David Anwyll Coleman (born 1946) is a demographer and anthropologist who served as the Professor of Demography at the Department of Social Policy and Intervention, University of Oxford from October 2002 until 2013, and a lecturer since 1980.

Early life 
Coleman was born in 1946 in London, England. He was educated at Saint Benedict's School, Ealing.

Career 
Between 1985 and 1987 he worked for the British Government, as the Special Adviser to Home Secretary Douglas Hurd and then to the Ministers of Housing and of the Environment.  He is a former fellow of St John's College, Oxford.

University education 
In 1967, Coleman graduated from Oxford University with a Bachelor of Arts in Zoology. In 1978, Coleman graduated from the London School of Economics with a Ph.D. in Demography.
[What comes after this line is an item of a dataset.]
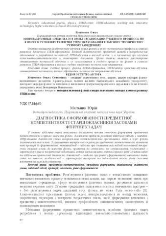 - Мельник, Ю.С. (orcid.org/0000-0002-1268-6199) (2017) Diagnostics of formed of subject competence of senior pupils by facilities of physical tasks Наукові записки. – Серія: Проблеми методики фізико-математичної і технологічної освіти, 1 (12). pp. 92-97. ISSN 2521-6791

Coleman has published over 90 papers and eight books and was the joint editor of the European Journal of Population from 1992 to 2000. In 1997 he was elected to the Council of the International Union for the Scientific Study of Population. He is also an advisor to Migration Watch UK which he helped to found, and is a member of the Galton Institute, formerly known as the Eugenics Society.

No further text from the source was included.